「てるてるソング」 小野塚テルの一日一冊一感動『感動の仕入れ!』日記

毎日の読書、映画、グルメ、流し、人との出会いなど様々なものから感動を得ています。特に本は年間300~400冊読破します。人々を『感』させ『動』に導き、『感する人』になるようにそのエッセンスを紹介しています。

「潜入ルポ 東京タクシー運転手」(矢貫隆)



潜入ルポ 東京タクシー運転手 (文春新書)


仕事でエネルギーを使って帰宅する時、駅から12.3分の距離を歩くのがツライことがある……しかも荷物を持っていると更にツラくなる…そんな時にお世話になっているのが、タクシーなのだ。(・∀・)

さて、この本はユニーク。「ノンフィクション作家自らハンドルを握り、デフレ不況下の東京を走り抜けて分かった「事故」「売上げ」「道路案内」そして「お客」の悲喜こもごも!理不尽な客の要求、激減する水揚げ、増える事故。潜入ルポから見えてきたのは、「身近な足」のはずのタクシー業界が抱える闇だった!」そのエッセンスを紹介しよう。


・世の中におかしな人はたくさんいるのだろうけれど、そして、おかしな出来事もたくさんあるのだろうけど、当たり前の日常生活を送っている限り、多くの場合、そうした人や事態に遭遇する機会はなかなかないものだ。けれど、タクシーは違う。月に一度や二度は、この類の嘘みたいな話が運転手の身に降り掛かってくる。


高速道路をタクシーで走るのって、実は、ものすごく神経を使う作業なのだ。何しろ、履いているのは、値段がチープなら性能も恐ろしくチープなタクシータイヤだ。グリップ力を筆頭に、直進性やら排水性といった性能を犠牲にしてのコスト再優先。そんなタイヤで首都高のきついコーナーや東名道をぶっ飛ばすなんて、とてもじゃないが、怖くてできやしない。

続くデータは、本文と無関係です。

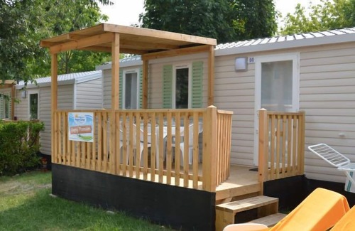 "Happy Premium", 4-room mobile home 30 m2. Comfortable furnishings: living/dining room with electric heating and air conditioning. 1 room with 1 french bed (140 cm, length 190 cm). 2 rooms, each room with 2 beds (70 cm, length 190 cm). Open kitchen (4 hot plates, microwave, freezer, electric coffee machine). Shower/WC. Air-conditioning (extra). Terrace partly roofed. Terrace furniture, barbecue (portable), deck chairs (2). Facilities: mosquito net. Reserved parking (1 car). Please note: non-smokers only. 017171-CAM-0004

タクシー仕様車は(一般の乗用車と同じ仕様の個人タクシーを除けば)一般の乗用車と形は似ていても性能があらゆる意味で劣っている。それは要するに、運転に意識を集中ささえなければならない度合いが一般の乗用車よりもはるかに大きいという意味で、逆を言えば、高性能な自動車が運転するのが楽に感じるのは、無意識のうちに行っている運転中の適切な意識の配分が簡単にできるているから、となる。

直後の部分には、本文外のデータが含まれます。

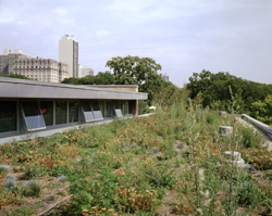 Employed a variety of green and sustainable features. The most successful and visible of these is a vegetative green wall that provides shading of a glass wall during the summer months while allowing winter sunlight to warm the interior building space while serving as part of an infiltration system for stormwater management. This element won a Chicago AIA Divine Detail Award. Other features include extensive native plant palette, living roof, living wall and storm-water infiltration and management.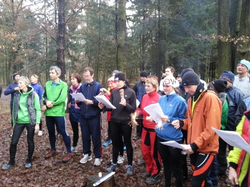 Vybíháme do Štědroranní tmy. Na první křižovatce zmateme mladíka, který se lehce pod vlivem potácí ulicí. Běžíme k IKEMu, pak k jezeru Labuť, zde potkáváme Milana Hlavu. Přecházíme do chůze, povídáme o počasí, stromečku, Milan vzpomíná na různé běžecké akce. Štědrovečerního běhu se účastní po 9., my jsme nováčci. Ráno jsem vypila hrnek čaje, a tak nutně potřebuji. Když už je situace urgent, zabíhám za stromky. A co čert nechtěl, nemůžu rozvázat kaťata, nejdou stáhnout ani zavázané. Tak poskakuji na místě a bojuji s uzlem. Vyhrávám, hurááááá... Po pár vteřinách je ze mě nový člověk. Dobíhám kluky, před 8. hodinou dorážíme k Velkému altánu na místo startu. Sešlo se nás rekordních 155, teplota údajně také rekordní, kolem 10 st. nad nulou. Chvilkou ticha zavzpomínáme na Iva Domanského a pak už se rozebíháme na 5,5 km dlouhou trať. Instrukce zní jasně: „Užijte si to, povídejte a vyprávějte si, závodění si nechte na jindy". Líbí se mi ten přístup, a tak si povídáme, užíváme, bavíme se... Společnost nám dělají Evžen se Sárou, zvlášť Sára se Terezce líbí. Po doběhu se shromáždíme u stromečku, pějeme koledy, Evžen doprovází na kytaru a Petra na housle. Krátce po deváté hodině ranní se rozcházíme a já mám pocit, že už musí být odpoledne. Tolik zážitků... Doma si dáváme teplou polévku a užíváme si atmosféry Vánoc. Žádný shon, žádný přemrštěný úklid, prostě klídek...

タクシー運転手を体験してみてわかったのは、運転手には、常に「焦りの気持ち」があるということだった。客を探すのに四苦八苦で実車率も下がりっぱなし。「必死になれば何とか次の客を乗せられるかもしれない」と運転手に小さな期待を抱かせてしまうという意味があるのだ。「もっと水揚げを……」となり、それが「なんとかしなければ」という焦りの気持ちになり、それは、そのまま交通事故数字になって表れる


その他、「東京でタクシー運転手になってみた」「受難の時代」「仁義なき争奪戦」などなど。